» **ASSIGNMENT**
In the copy, keep every record exact and leave out all images.

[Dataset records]
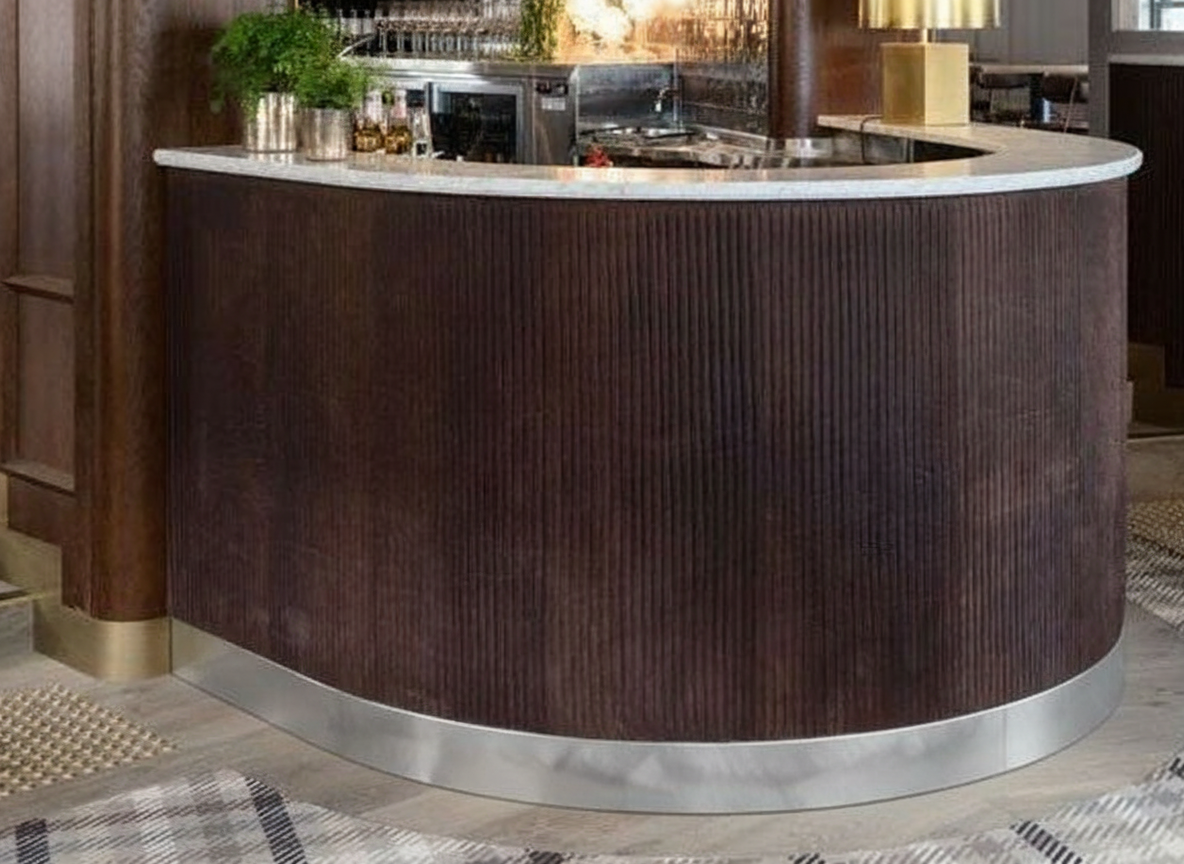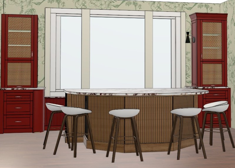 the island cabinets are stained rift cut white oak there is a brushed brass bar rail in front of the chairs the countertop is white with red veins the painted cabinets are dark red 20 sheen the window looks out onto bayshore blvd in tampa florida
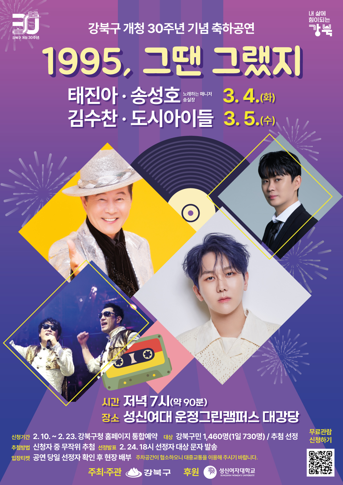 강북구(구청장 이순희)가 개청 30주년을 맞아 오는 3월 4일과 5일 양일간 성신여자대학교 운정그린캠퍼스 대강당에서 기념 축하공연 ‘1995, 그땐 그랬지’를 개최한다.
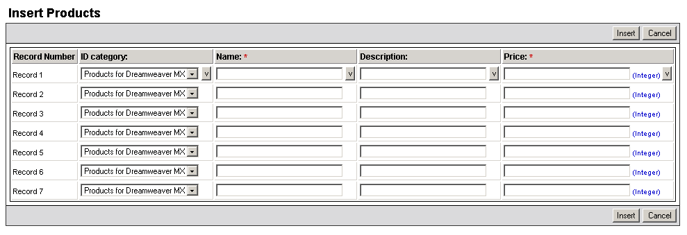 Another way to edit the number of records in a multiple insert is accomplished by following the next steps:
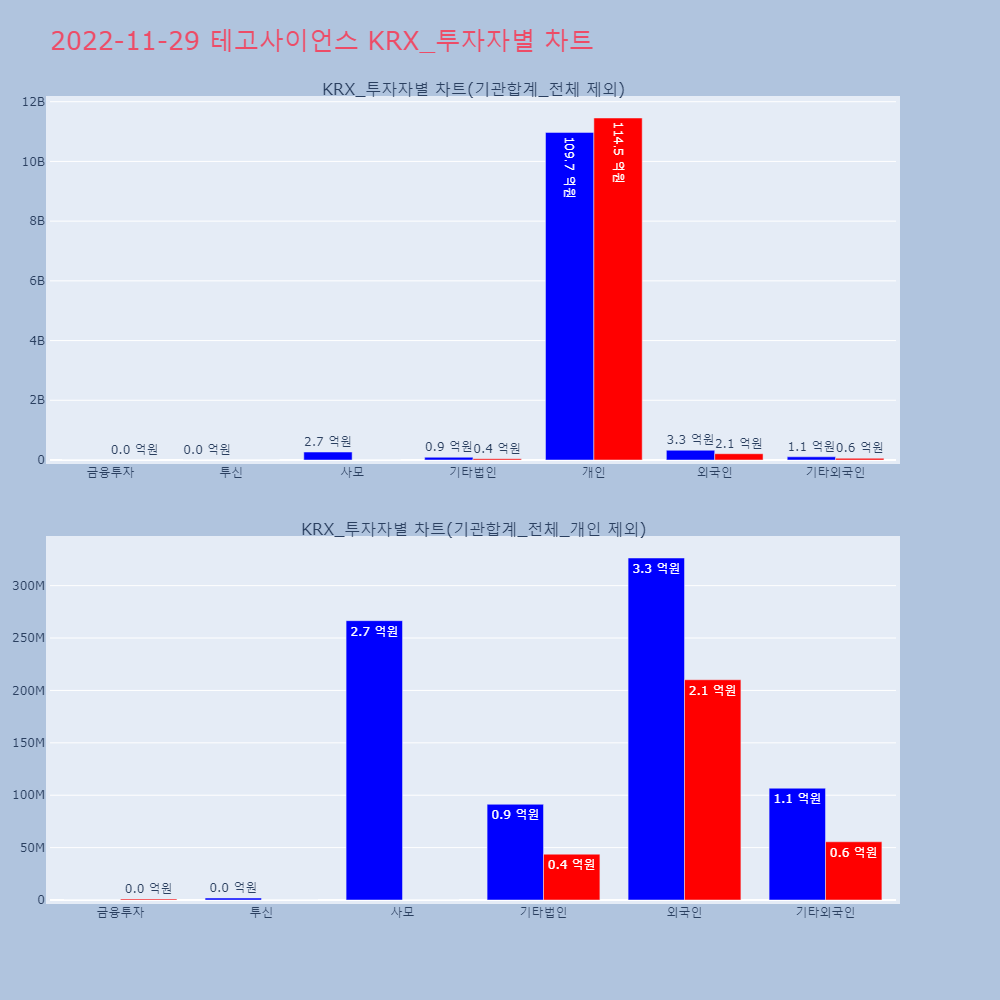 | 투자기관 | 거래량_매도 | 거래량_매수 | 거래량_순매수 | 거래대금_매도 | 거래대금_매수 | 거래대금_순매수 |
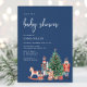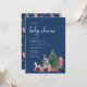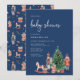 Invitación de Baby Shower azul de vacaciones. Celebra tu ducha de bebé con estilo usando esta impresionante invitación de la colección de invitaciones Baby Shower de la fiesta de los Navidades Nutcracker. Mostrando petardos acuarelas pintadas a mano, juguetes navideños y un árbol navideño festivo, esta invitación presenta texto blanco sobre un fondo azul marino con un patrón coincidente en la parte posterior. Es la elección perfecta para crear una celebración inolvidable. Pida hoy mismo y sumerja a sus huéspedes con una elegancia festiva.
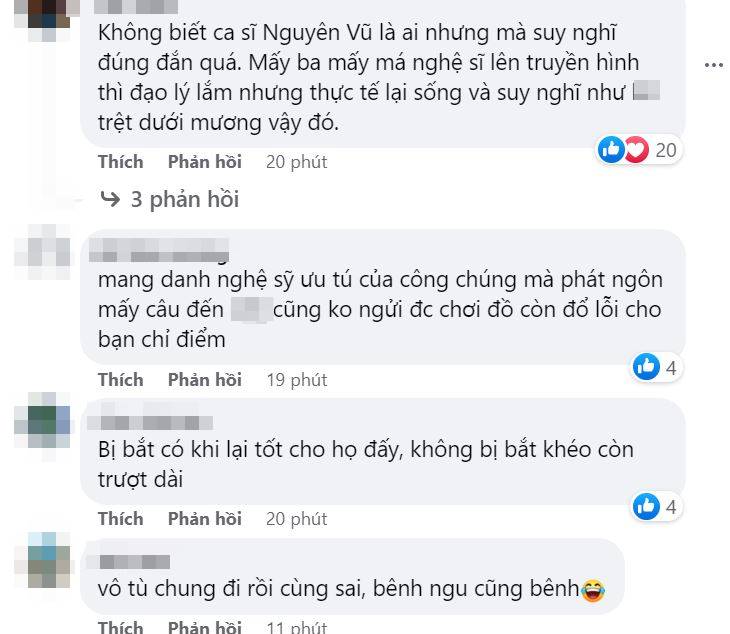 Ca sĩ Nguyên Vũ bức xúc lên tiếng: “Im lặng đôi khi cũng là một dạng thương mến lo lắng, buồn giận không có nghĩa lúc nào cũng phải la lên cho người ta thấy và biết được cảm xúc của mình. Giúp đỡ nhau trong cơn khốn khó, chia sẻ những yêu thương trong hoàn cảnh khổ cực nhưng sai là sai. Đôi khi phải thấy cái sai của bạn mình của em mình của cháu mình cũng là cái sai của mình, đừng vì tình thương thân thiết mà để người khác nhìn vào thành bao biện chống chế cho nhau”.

» **YOUR SOLUTION**
 the island cabinets are stained rift cut white oak there is a brushed brass bar rail in front of the chairs the countertop is white with red veins the painted cabinets are dark red 20 sheen the window looks out onto bayshore blvd in tampa florida
 강북구(구청장 이순희)가 개청 30주년을 맞아 오는 3월 4일과 5일 양일간 성신여자대학교 운정그린캠퍼스 대강당에서 기념 축하공연 ‘1995, 그땐 그랬지’를 개최한다.
 Another way to edit the number of records in a multiple insert is accomplished by following the next steps:
 | 투자기관 | 거래량_매도 | 거래량_매수 | 거래량_순매수 | 거래대금_매도 | 거래대금_매수 | 거래대금_순매수 |
 Invitación de Baby Shower azul de vacaciones. Celebra tu ducha de bebé con estilo usando esta impresionante invitación de la colección de invitaciones Baby Shower de la fiesta de los Navidades Nutcracker. Mostrando petardos acuarelas pintadas a mano, juguetes navideños y un árbol navideño festivo, esta invitación presenta texto blanco sobre un fondo azul marino con un patrón coincidente en la parte posterior. Es la elección perfecta para crear una celebración inolvidable. Pida hoy mismo y sumerja a sus huéspedes con una elegancia festiva.
 Ca sĩ Nguyên Vũ bức xúc lên tiếng: “Im lặng đôi khi cũng là một dạng thương mến lo lắng, buồn giận không có nghĩa lúc nào cũng phải la lên cho người ta thấy và biết được cảm xúc của mình. Giúp đỡ nhau trong cơn khốn khó, chia sẻ những yêu thương trong hoàn cảnh khổ cực nhưng sai là sai. Đôi khi phải thấy cái sai của bạn mình của em mình của cháu mình cũng là cái sai của mình, đừng vì tình thương thân thiết mà để người khác nhìn vào thành bao biện chống chế cho nhau”.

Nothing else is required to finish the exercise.